[Data block]
= Beginning of Section =

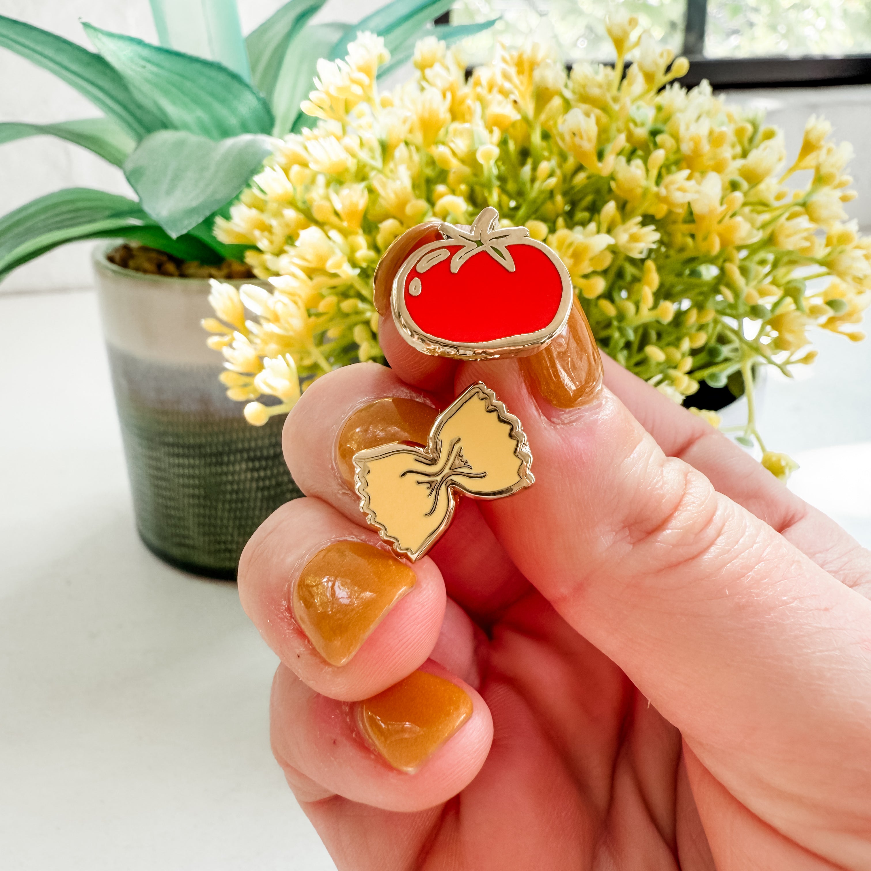 A charming culinary combo, this set includes a happy tomato and a bowtie noodle. Ideal for foodies, fans of tomato girl summer, & European summer themed gifts. A fan favorite for quirky shops and foodie boutiques.
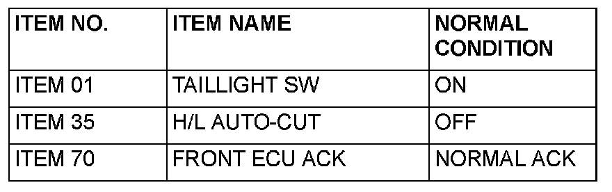 Q: Are normal conditions displayed on the "TAILLIGHT SW", "H/L AUTO-CUT" and "FRONT ECU ACK"?
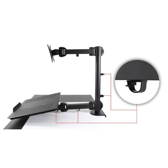 Držiak notebooku alebo laptopu a monitora Fiber Mounts FM23 Kvalitná zostava stolový držiak na monitor 15-27" a držiak na notebook laptop 13-17", polohovateľný, stabilný a pevný Vybavte si kanceláriu skvelým pomocníkom, ktorý vám ušetrí veľa miesta a zlepší ergonómiu pri práci. Zostava Fiber Mounts FM23 obsahuje držiak na monitory 15-27" a držiak na notebooky alebo laptopy s uhlopriečkou 13-17". Držiak monitora podporuje VESA 75x75 a 100x100, je možné ho otáčať do strán, nakláňať, rotovať a výškovo polohovať. Držiak notebooku je možné otáčať do strán a výškovo polohovať. Farebné prevedenie čierne, celková nosnosť 20kg, celokovová konštrukcia. Stolový držiak na monitor a notebook do vašej kancelárie - Fiber Mounts FM23 Technické údaje: nosnosť 20kg na monitory 15-27" na notebooky 13-17" VESA štandard 75x75 a 100x100 otáčanie do strán +/- 135° nakláňanie monitora +/- 90° upevnenie na stolovú dosku s hrúbkou 10-100mm farba čierna záručná doba 3 roky Stolový držiak na monitor a notebook do vašej kancelárie - Fiber Mounts FM23 Držiak na monitory podporuje štandardy VESA: VESA 75x75 VESA 100x100

= End of Section =

[Prompt] Every line of the data above should be returned exactly, with the pictures removed.

[Task solution]
 A charming culinary combo, this set includes a happy tomato and a bowtie noodle. Ideal for foodies, fans of tomato girl summer, & European summer themed gifts. A fan favorite for quirky shops and foodie boutiques.
 Q: Are normal conditions displayed on the "TAILLIGHT SW", "H/L AUTO-CUT" and "FRONT ECU ACK"?
 Držiak notebooku alebo laptopu a monitora Fiber Mounts FM23 Kvalitná zostava stolový držiak na monitor 15-27" a držiak na notebook laptop 13-17", polohovateľný, stabilný a pevný Vybavte si kanceláriu skvelým pomocníkom, ktorý vám ušetrí veľa miesta a zlepší ergonómiu pri práci. Zostava Fiber Mounts FM23 obsahuje držiak na monitory 15-27" a držiak na notebooky alebo laptopy s uhlopriečkou 13-17". Držiak monitora podporuje VESA 75x75 a 100x100, je možné ho otáčať do strán, nakláňať, rotovať a výškovo polohovať. Držiak notebooku je možné otáčať do strán a výškovo polohovať. Farebné prevedenie čierne, celková nosnosť 20kg, celokovová konštrukcia. Stolový držiak na monitor a notebook do vašej kancelárie - Fiber Mounts FM23 Technické údaje: nosnosť 20kg na monitory 15-27" na notebooky 13-17" VESA štandard 75x75 a 100x100 otáčanie do strán +/- 135° nakláňanie monitora +/- 90° upevnenie na stolovú dosku s hrúbkou 10-100mm farba čierna záručná doba 3 roky Stolový držiak na monitor a notebook do vašej kancelárie - Fiber Mounts FM23 Držiak na monitory podporuje štandardy VESA: VESA 75x75 VESA 100x100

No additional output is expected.